Tracking Information
First Submitted Date April 28, 2021
First Posted Date May 11, 2021
Last Update Posted Date May 11, 2021
Estimated Study Start Date May 2021
Estimated Primary Completion Date September 2021   (Final data collection date for primary outcome measure)
Current Primary Outcome Measures
 (submitted: May 8, 2021)
Correlation between Metformin Usage Index and Vitamin B12 status among Egyptian patients with type 2 diabetes [ Time Frame: 6 months ]
The relationship between MUI and vitamin B12 levels will be assessed among the studied groups
Original Primary Outcome Measures Same as current
Change History No Changes Posted
Current Secondary Outcome Measures Not Provided
Original Secondary Outcome Measures Not Provided
Current Other Pre-specified Outcome Measures Not Provided
Original Other Pre-specified Outcome Measures Not Provided
 
Descriptive Information
Brief Title Metformin Usage Index and Vitamin B12 Status in Egyptian Type 2 Diabetic Patients
Official Title Metformin Usage Index and Vitamin B12 Status in Egyptian Type 2 Diabetic Patients : A Case Control Study .
Brief Summary

Current data estimated that 451 million people, (age 18-99 years) suffered from diabetes world wide in 2017, and are expected to rise to 693 million by 2045. Among them, type 2 diabetes mellitus (T2DM) accounts for around 90% of all cases with diabetes.

T2DM is associated with several deterimental microvascular and macrovascular complications (Annani-Akollor ME et al ., 2019) . As such, effective management of the disease is crucial.

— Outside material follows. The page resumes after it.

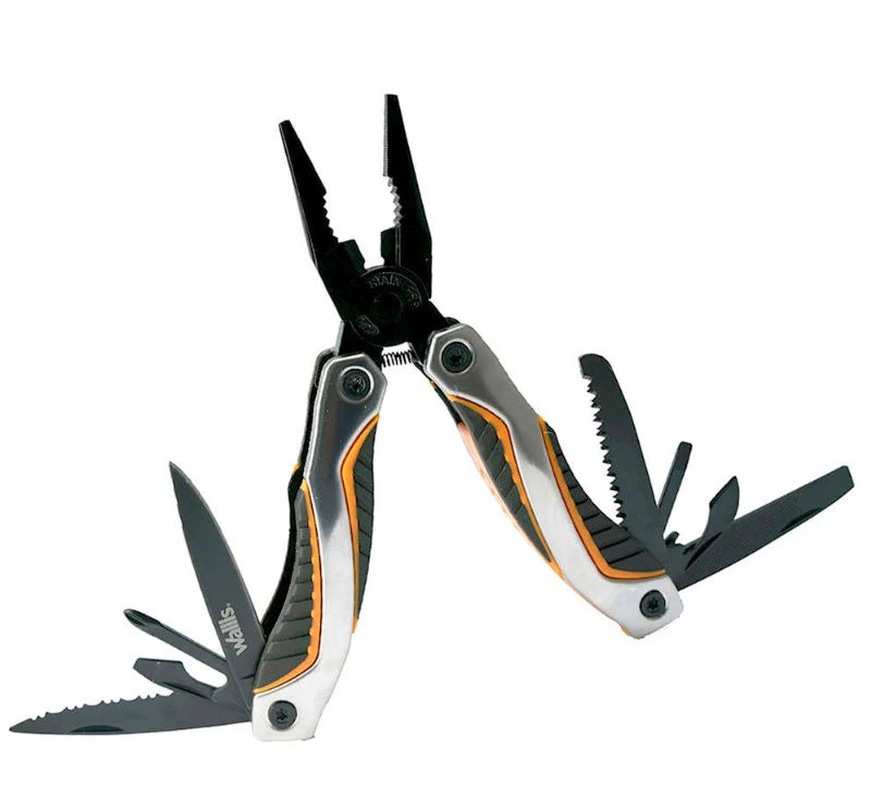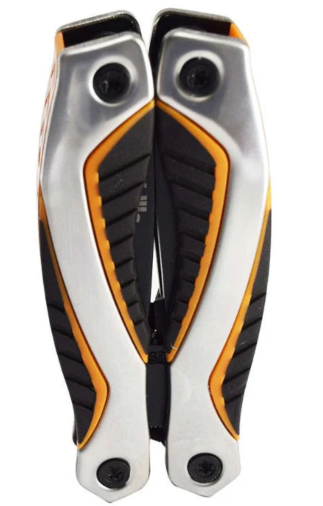 Multiherramienta de acero inoxidable con dureza de 48-52, incluye 13 funciones para desempeñar tus tareas de forma rápida y sencilla, puedes encontrar una pinza cerrada de 10 cm, cortacables, desarmadores, lima de uñas, abrelatas y muchas herramientas más.
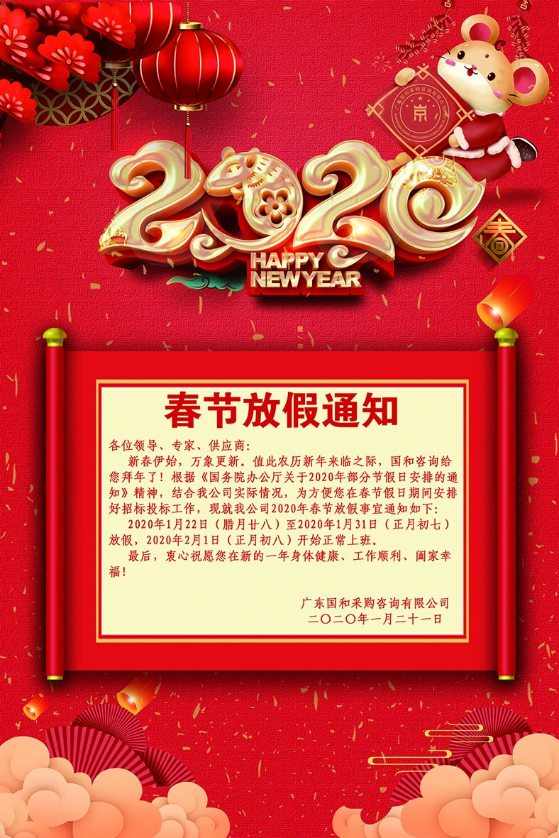 關于2020年春節放假安排的通知

The American Diabetes Association (ADA) and the European Association for the Study of Diabetes (EASD) recommend metformin as the first therapeutic choice for T2DM management with concurrent lifestyle modifications. Reports indicated that metformin improves peripheral insulin sensitivity and reduces the risk of cardiovascular mortality in T2DM in addition to its beneficial effects on weight loss and vascular protection.

Nonetheless, as with most medications, metformin has some side effects. Though most of these side effects are mild, reports indicated that metformin use is associated with diminution of vitamin B12 level . Also, advanced age of patients with T2DM, nutritional deficiency, and malabsorption are other contributing factors for its deficiency .

The proposed mechanisms for deficiency include, impairment of calcium dependent absorption from the gut, alteration in small bowel motility resulting in bacterial overgrowth, and a reduction in intrinsic factor levels .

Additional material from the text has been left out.